Historical Context: Industrial Revolution and Mining
The tommyknocker arises in southwestern England around the time of the Industrial Revolution. Mining in the region was traditionally a family-run enterprise. Father teaches son how to mine, and the family owns a surface-level mine that they've explored over the years. As technology progressed during the start of the Industrial Age, deeper mines became possible thanks to steam-powered pumps (to pump out water from the mines). However, these machines were expensive, meaning that the average family would be unlikely to be able to afford to build a deeper mine. Instead of individual family ventures, corporate interests started to move into the region and the business because they had the resources to create more intensive mining operations. Rising demand for coal and other metals led to limitless potential profits, causing companies to try to capture the maximum amount of resources that they could.
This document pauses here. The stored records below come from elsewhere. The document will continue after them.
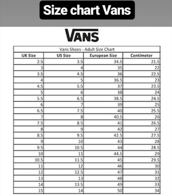 Image Result For Vans Shoe Size Chart Kids And Womens Shoe Size
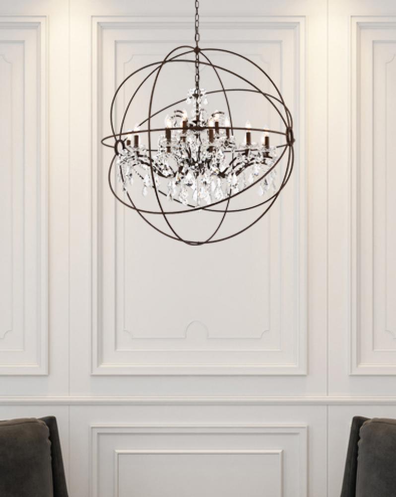 Make a statement or set the mood in your living room, dining room, or foyer with the transitional style of a Geneva chandelier. The Geneva collection is an eye-catching design that starts with the Old World feel of a classic crystal chandelier and then suspends it in a lamp body that takes on the New Age look of a gyroscope. Graceful candelabras are embellished with several sizes and layers of royal-cut crystals in clear, golden teak, or Silver shade that transform into a luminous globe when framed in a sphere finished in dark bronze, polished nickel, or rustic intent.
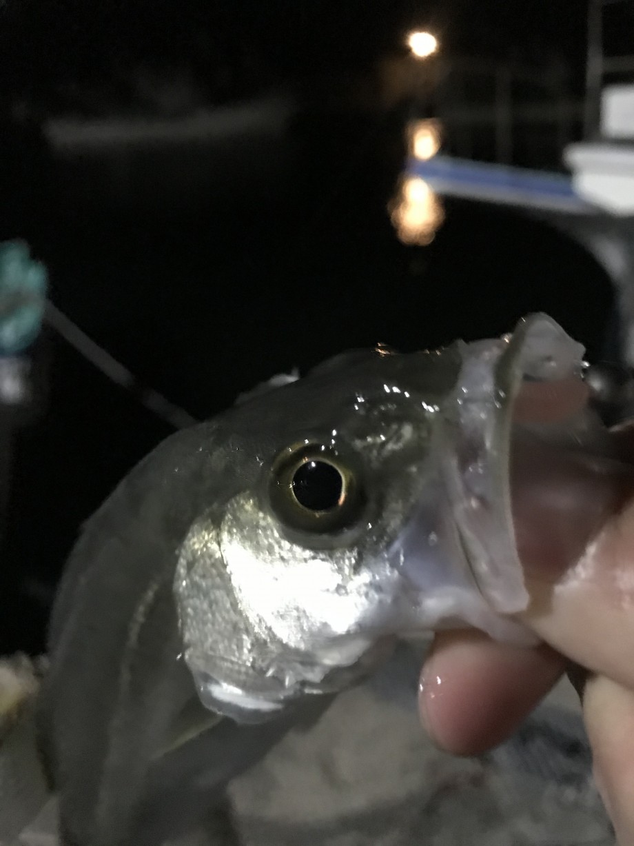 ルアーを水から引き上げて考え事(形状チェック)をしていると、常夜灯の灯りの中で、なんだか知らないけど小さい魚がたまにライズするのが見えた。
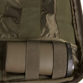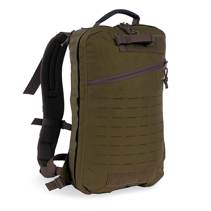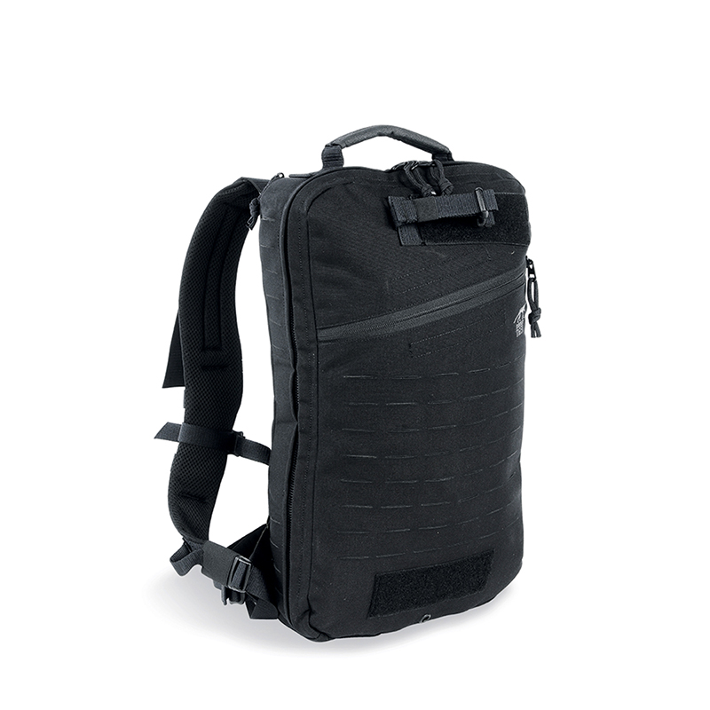 Flat Medic backpack with intelligent, clearly laid-out interior. The MOLLE system on the front and sides is laser cut. The lightweight padded shoulder straps can be detached and kept in a hook-and-loop fastening pocket on the back, and the rucksack comes with webbing so it can be adapted to a panel carrier. Stowable carrying handles for high-speed transportation in an emergency.
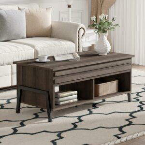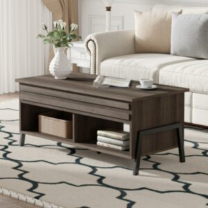 WAMPAT Mid-Century Lift Top Coffee Table for Living Room, Rising Tabletop with Storage Compartment, Brown
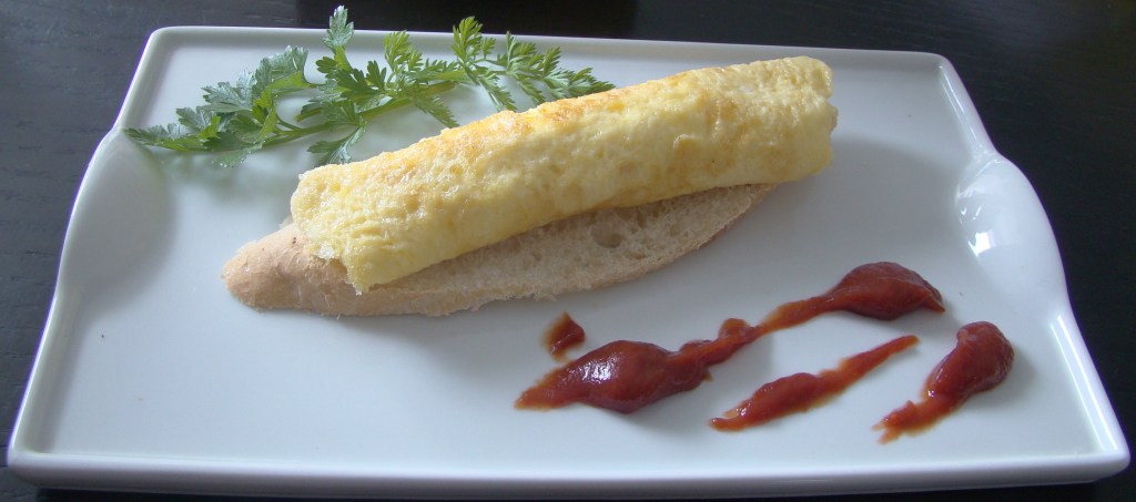 PREPARACIÓN: batimos el huevo, le añadimos la mantequilla, batimos un poco más y ponemos en una sartén pequeña con el aceite ya caliente. Vigilamos que esté cuajada y damos la vuelta. Sacamos, ponemos en una tabla de cocina y hacemos el rollito.

This combination of rising corporatism, ruthless profit-seeking, and deeper-below-the-surface mining technology was enriching for the mine owners but frequently disastrous for the workers. In addition to coal dust, natural gas explosions, and a lack of fresh air that could poison miners, flooding was a perpetual danger in these deep mines. Deep mining would get below the water table of the surrounding land–meaning that the water level was above the mines. If water eroded its way through a mine wall or a miner picked their way through to a pocket of water while extracting ore, that water would gush out at high pressure, potentially washing away the wooden support beams of the mineshaft and trapping miners underground. Other mine collapses could be caused by small earthquakes, which could also shake loose supports and lead to cave-ins.
And commonly in the Industrial Revolution, workers were cheap. As medicine improved, the population boomed because birth rates had not yet fallen, which led to a surge in the labor force. If one miner died due to flooding, who cared? The company could simply replace them.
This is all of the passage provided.